Wednesday, October 17, 2018

Movie Review: The Old Man & the Gun

The Old Man & the Gun **** / *****
Directed by: David Lowery.
Written by: David Lowery based on the article by David Grann.
Starring: Robert Redford (Forrest Tucker), Casey Affleck (John Hunt), Sissy Spacek (Jewel), Danny Glover (Teddy), Tom Waits (Waller), Tika Sumpter (Maureen), Ari Elizabeth Johnson (Abilene), Teagen Johnson (Tyler), Gene Jones (Mr. Owens), John David Washington (LT. Kelley), Barlow Jacobs (Offerman), Isiah Whitlock Jr. (Detective Gene Dentler), Elisabeth Moss (Dorothy), Keith Carradine (Captain Calder), Robert Longstreet (Stepgen Beckley Jr., Esquire).
 
If you are going to build an entire movie on the charm, and cinematic legacy, of an actor you could do a lot worse than picking Robert Redford. In what may, or may not, be his swan song as an actor, Redford plays Forrest Tucker, a man who has been in and out of prison his entire life. When he’s not in jail, he’s robbing banks – and when he is in jail, he is trying to come up with ways to break out – which he has done 16 times over the decades. Tucker is likable and charming – even the people he robs describe him as nice – but he just cannot stop himself. Early in the film, we see him come home from his latest robbery, pry up the floor boards and throw his latest stack of cash down – on tops of many other stacks of cash. He probably doesn’t need to keep robbing banks – at least not as many as he does – but if he didn’t, what would he do with himself?
 
The Old Man & the Gun is the latest film from David Lowery, who has quickly built up a very solid – and eclectic – resume from the understated crime drama Ain’t Them Bodies Saints, to the Disney kid’s movie remake Pete’s Dragon, to his exploration of time and space of A Ghost Story. The Old Man & the Gun is perhaps his least ambitious film to date – it’s a simple character study of this guy who cannot stop himself, built upon the abundance of charm of Robert Redford – but perhaps that’s why it works so well. It doesn’t try to be anything it isn’t.
 
There are other characters in the film other than Redford – most notably there is Jewel (Sissy Spacek), a widow Tucker meets while driving away from one of his robberies, as her truck is broken down on the side of the road. Theirs is a low-key relationship of a kind – a romance, yes, but one built on the two taking pleasure in each other’s company more than anything else.

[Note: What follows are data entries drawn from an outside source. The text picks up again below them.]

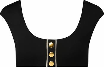 A pullover silhouette featuring a scoop neck and cap sleeves, this fully lined bikini top offers moderate coverage. A faux placket details the front, along with a row of decorative snaps. 85% Nylon 15% Spandex Hand wash in cool water. Do not bleach. Do not tumble dry. Hang to dry. Do not iron.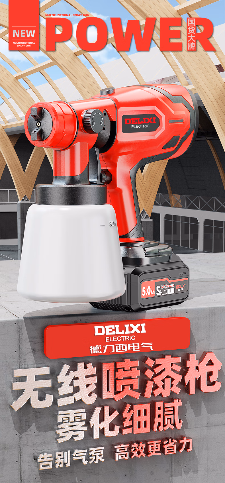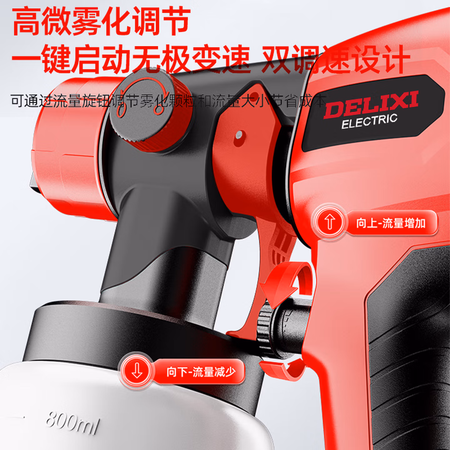 > 德力西电动喷漆枪油漆喷枪乳胶漆喷涂机锂电池家用喷漆一体机高雾化喷壶 调速喷漆枪6.0一电【5喷嘴+1个喷壶】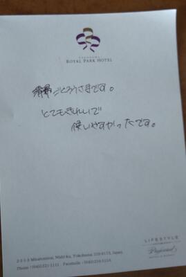 昨晩の宿泊先は、横浜ランドマークタワー内にある「横浜ロイヤルパークホテル」。54階から58階のフロアに宿泊しました。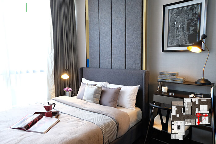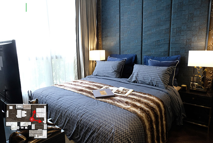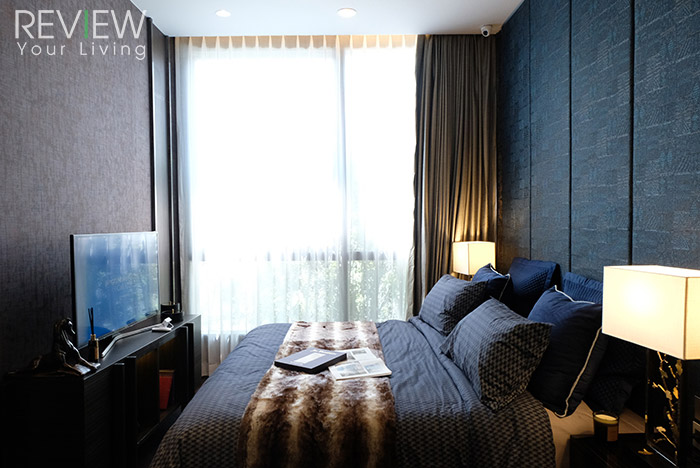 พื้นที่ห้องนอนมีขนาดกว้างกำลังดีเลยนะคะ สามารถจัดวางเตียงขนาด 5-6 ฟุตได้สบาย โดยเหลือพื้นที่เดินได้โดยรอบด้วยค่ะ แถมผนังปลายเตียงยังสามารถโต๊ะคอนโซลทีวีโดยไม่รู้สึกอึดอัดอีกด้วย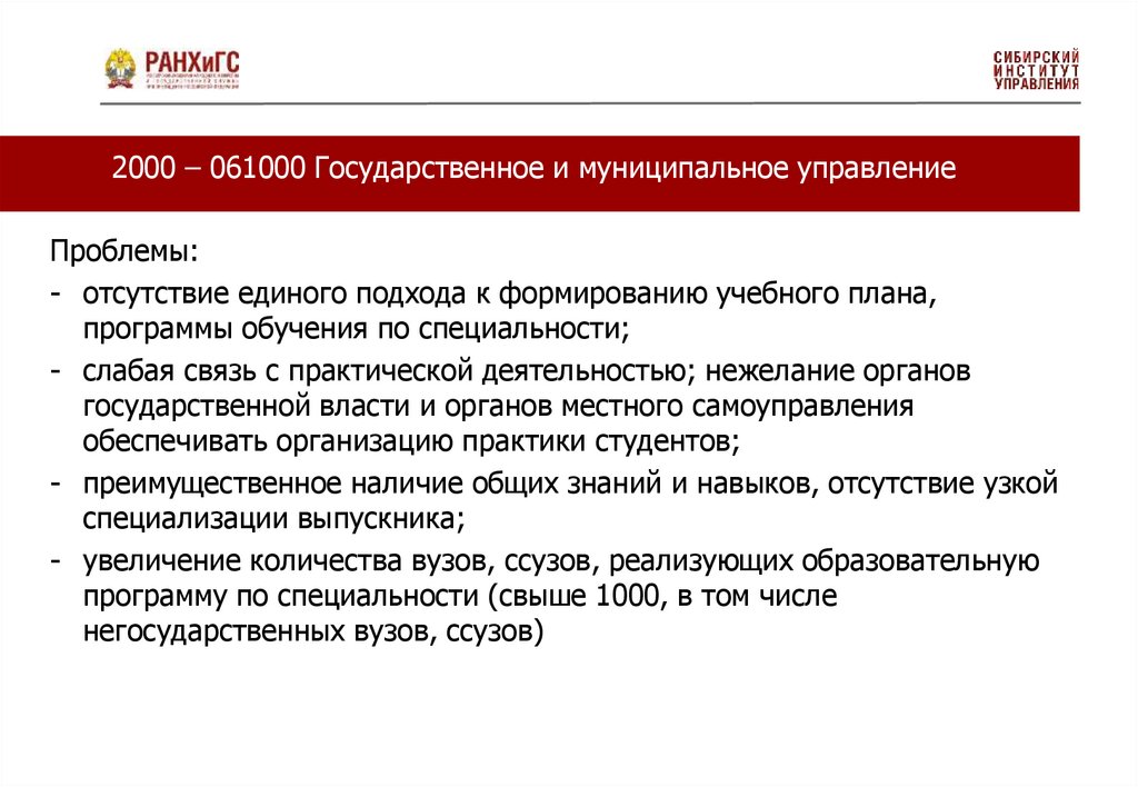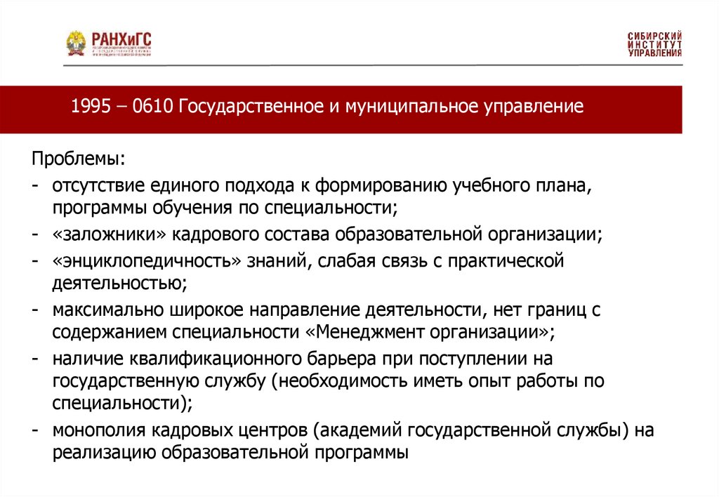 1995 – 0610 Государственное и муниципальное управлениеПроблемы: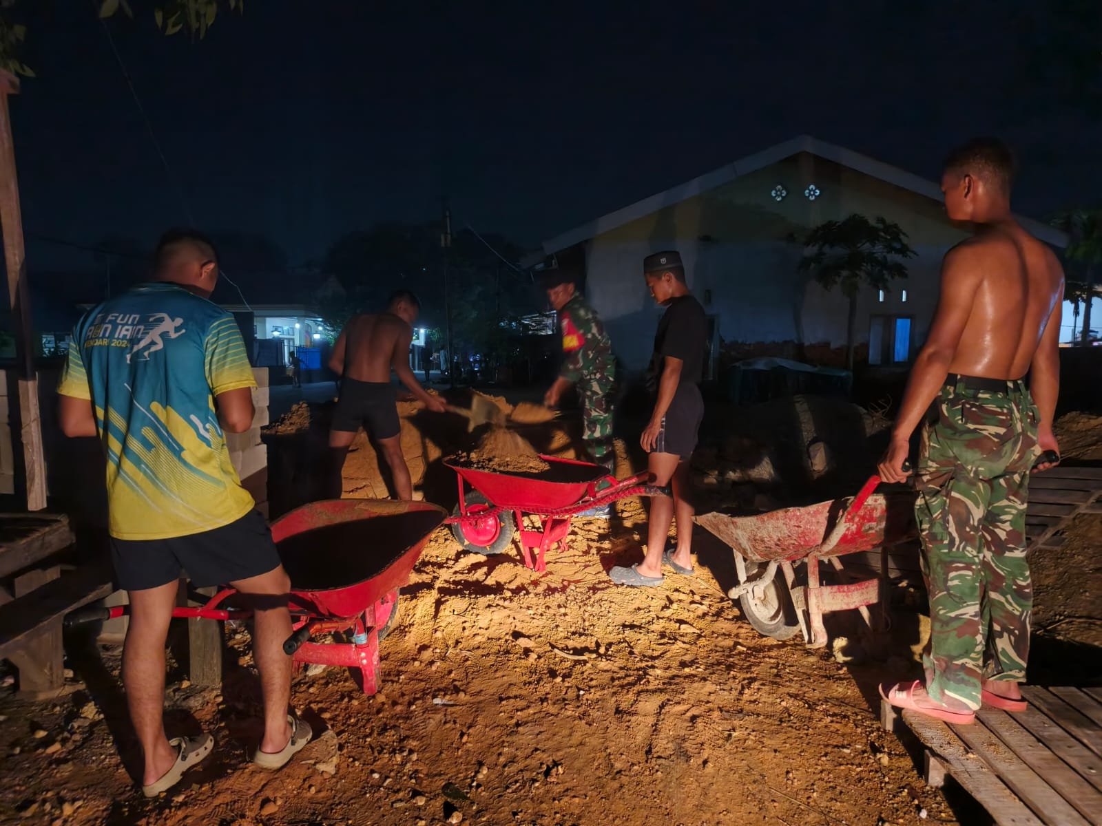 Menggunakan sinar lampu kendaraan sebagai sumber penerangan, para anggota Satgas terlihat bekerja sama dalam mengangkut serta menata berbagai material bangunan di lokasi proyek.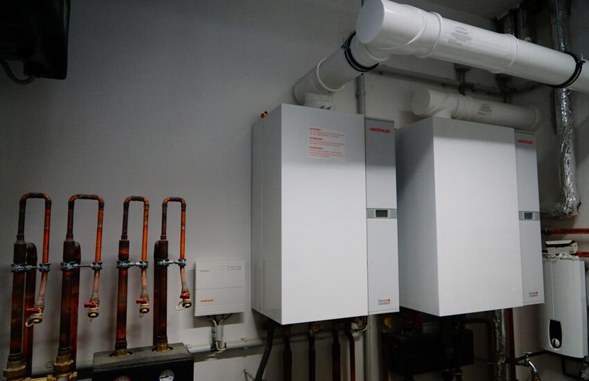 - Einbau von zwei Gasbrennwertgeräten für die Büroflächen, Leistung 60 kW und 32 kW, Fabrikat: Weishaupt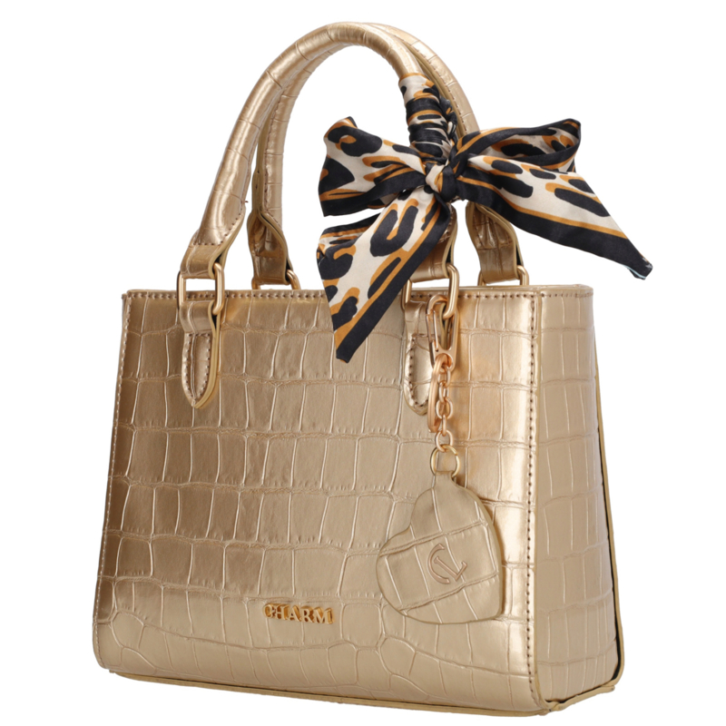 De Charm London Knightsbridge Handtas is een elegante en vrouwelijke tas met een glanzende laklook in croco-reliëf. Dankzij de twee stevige handvatten draag je deze tas comfortabel in de hand of over de arm. Het stijlvolle design maakt de tas perfect voor zowel dagelijks gebruik als speciale gelegenheden. De tas sluit met een ritssluiting en heeft aan de binnenkant een ritsvak en een telefoonvak voor een overzichtelijke indeling. Je kunt de tas ook als schoudertas dragen dankzij de verstelbare en afneembare schouderband. De kleurige details zorgen voor een luxe uitstraling. Als extra detail is de tas afgewerkt met een hartvormige hanger met spiegeltje en een decoratief sjaaltje dat je op verschillende manieren kunt dragen.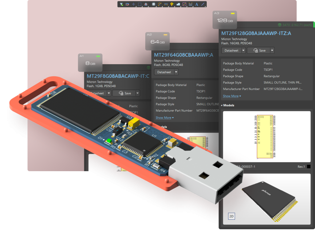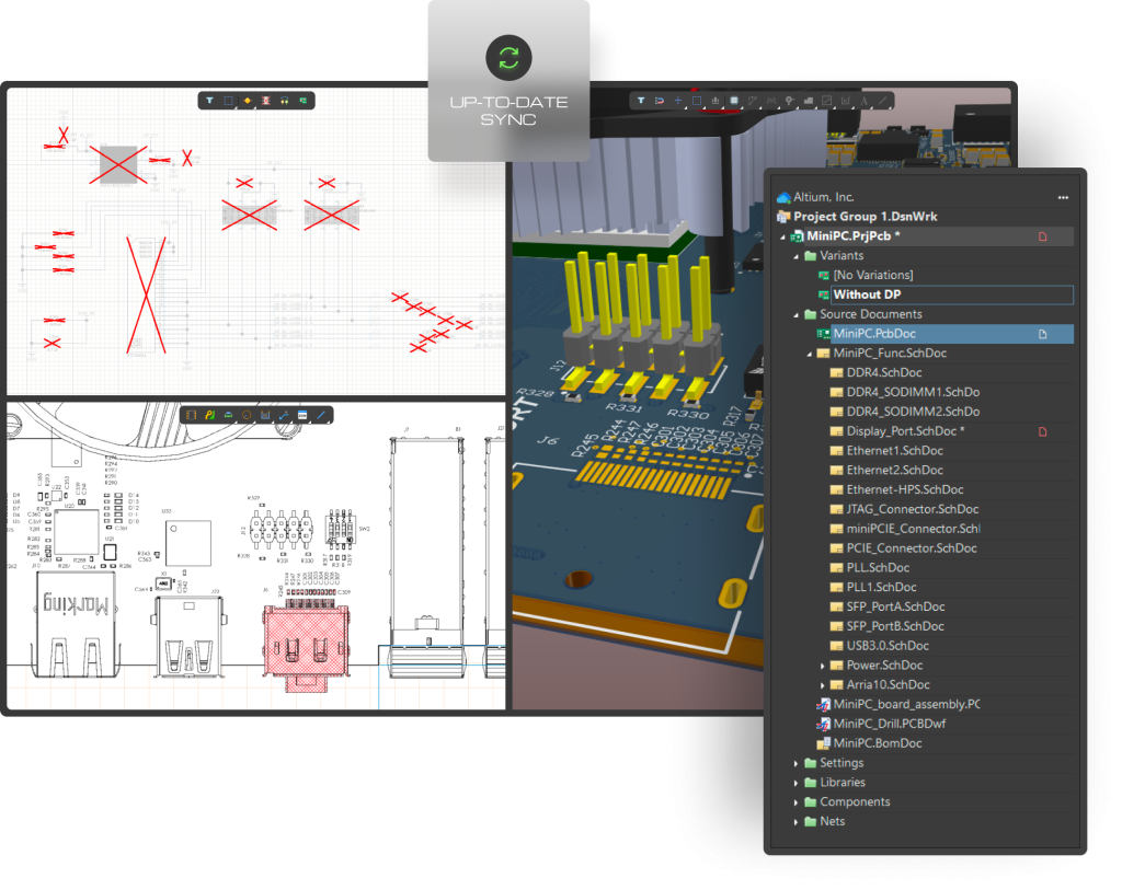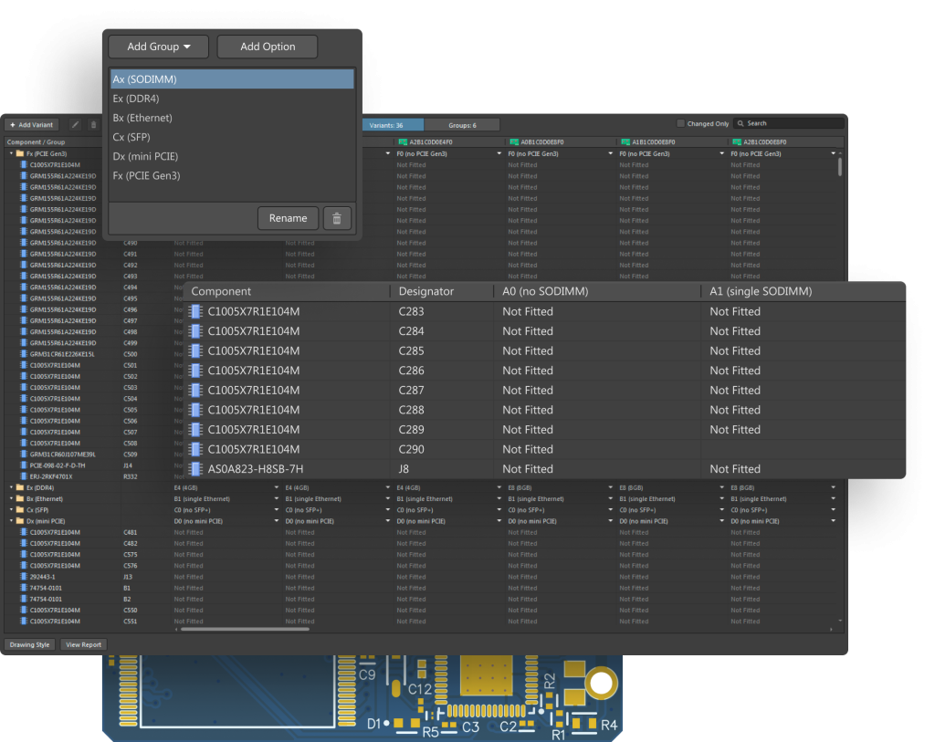 Warianty projektowe pozostają aktualne i zsynchronizowane na każdym etapie procesu projektowego — od schematów i PCB, przez zestawienia materiałowe (BOM), dokumenty Draftsman, aż po dokumentację wyjściową. Przejrzysta prezentacja wariantów na każdym etapie projektowania ułatwia zrozumienie składu każdego produktu.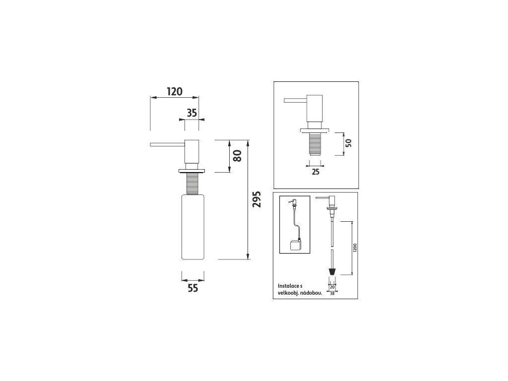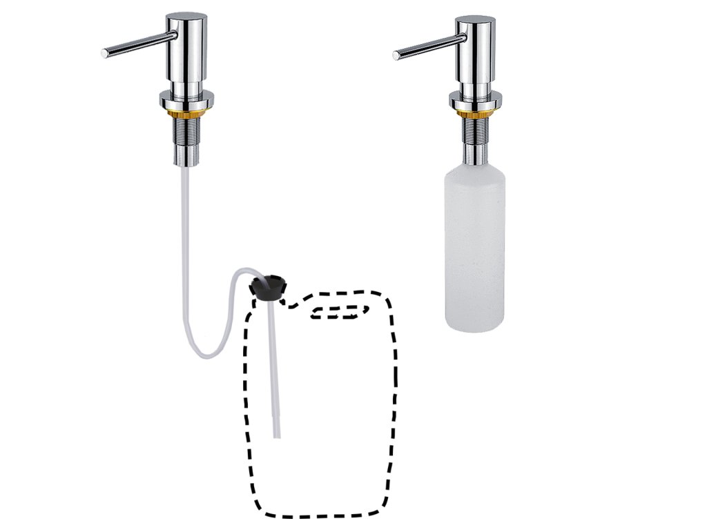 Vestavěný dávkovač saponátu, mýdla nebo dezinfekčního gelu do dřezu či umyvadla. Hlava pumpy průměr 35 mm. Plnění 350 ml nádobky shora vyjmutím pumpy.
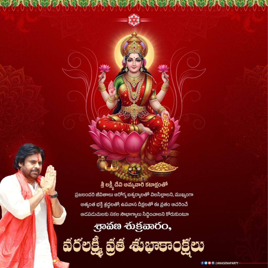 భారత్ న్యూస్ విజయవాడ…శ్రీ లక్ష్మీ దేవి అమ్మవారి కటాక్షంతో ప్రజలందరి జీవితాలు ఆరోగ్య ఐశ్వర్యాలతో విలసిల్లాలని, ముఖ్యంగా అత్యంత భక్తి శ్రద్ధలతో, ఉపవాస దీక్షలతో ఈ వ్రతం ఆచరించే ఆడపడుచులకు సకల సౌభాగ్యాలు సిద్ధించాలని కోరుకుంటూ శ్రావణ శుక్రవారం, వరలక్ష్మీ వ్రత శుభాకాంక్షలు.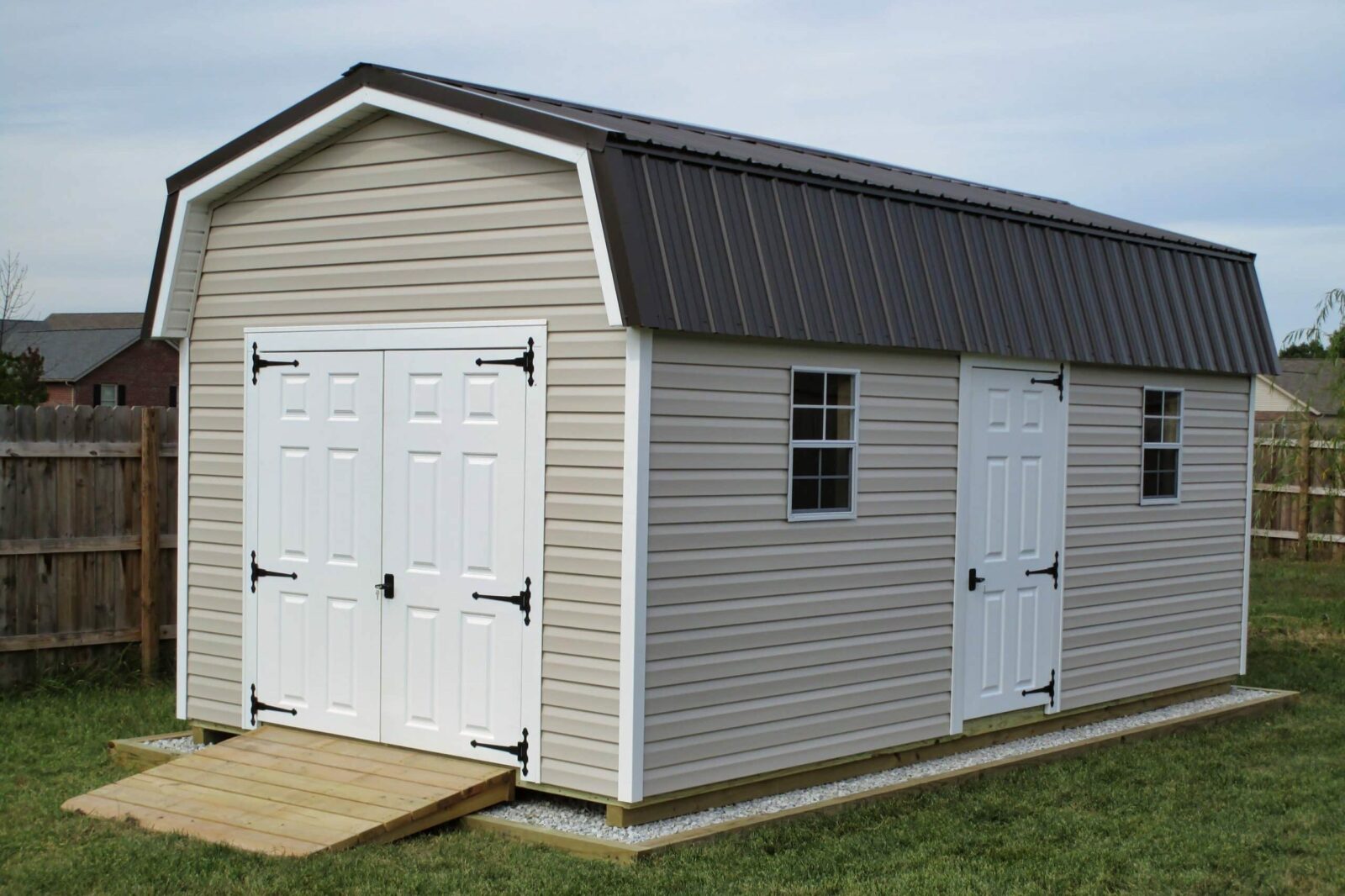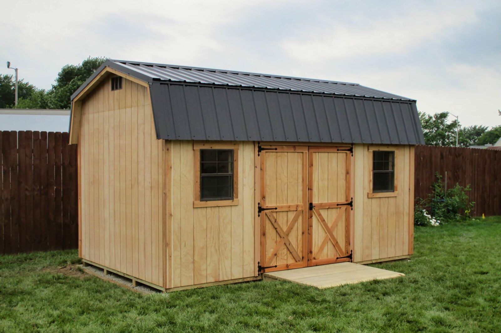 The Highwall lofted barn maximizes your storage space, with a loft at each end of the building that allows for the storage of seasonal or occasional-use items. With 6’4” sidewalls and a tall roof space, these garden sheds provide a lot of headroom. With these lofted barns, you’ll be able to clear your head from clutter by having plenty of space to work with. Its design allows for doors and windows to be placed on any wall, making it easily customizable for your needs. In fact, you can get started today with our in-stock inventory of Highwall Lofted Barn.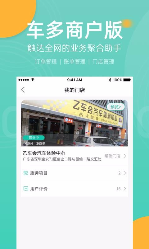 车多合作商是一款为汽车服务商量身定做的一个汽车服务版本软件,商家可以在线添加自己的汽车服务门店信息,对自己的店铺类型编辑;用户需要在添加门店的时候设置门店的用户名称信息内容,同时可以在该过程选择性设置联系人姓名,设置合作的项目,然后编辑店铺的导航位置等信息,轻松完善自己店铺的基本信息设置;在我的订单中可以看到顾客在顾客端下单的服务订单,同时可以按照不同的时段切换查看订单历史信息,使用订单页面中的查询功能可以快速查询店铺中的各种订单内容,只要输入订单的关键词就能立马知道订单所在位置。

Both are too old to be fooling with anything else. Then there is Lowery favorite Casey Affleck as John Hunt, a Texas robbery detective who makes it his personal mission to find Tucker – and his gang – after they pull off a robbery while Hunt himself is in the bank with his son, and doesn’t notice a thing. The other members of Tucker’s gang are Teddy (Danny Glover) and Waller (Tom Waits) – and while neither becomes much of a character, Waits does deliver a great story that ends with the line “and that’s why I hate Christmas” in a way that only Waits could.
 
The film takes place in the early 1980s, and Lowery seems to delight in recreating the era – not necessarily as it was, but how it looked in movies from that era. The film has a leisurely pace – it never rushes anything, which had the film run longer than 93 minutes could have dragged, but Lowery knew the right length for this story to go.
 
But really, the whole show here is Redford – and this is one of his best performances. Unlike, say, All is Lost which is another film that relied on Redford’s cinematic history for its effect, I don’t think The Old Man & the Gun really stretches Redford’s chops very much – this role is very much in his wheelhouse. But it certainly reminds you of how great Redford can be in that wheelhouse. Redford is still capable of that boyish gleam in his eye that made him a star more than 50 years ago – and he still looks better than most actors half his age (or less). In short, The Old Man & the Gun is basically pure pleasure – like sinking into a comfortable chair for 93 minutes with an old friend.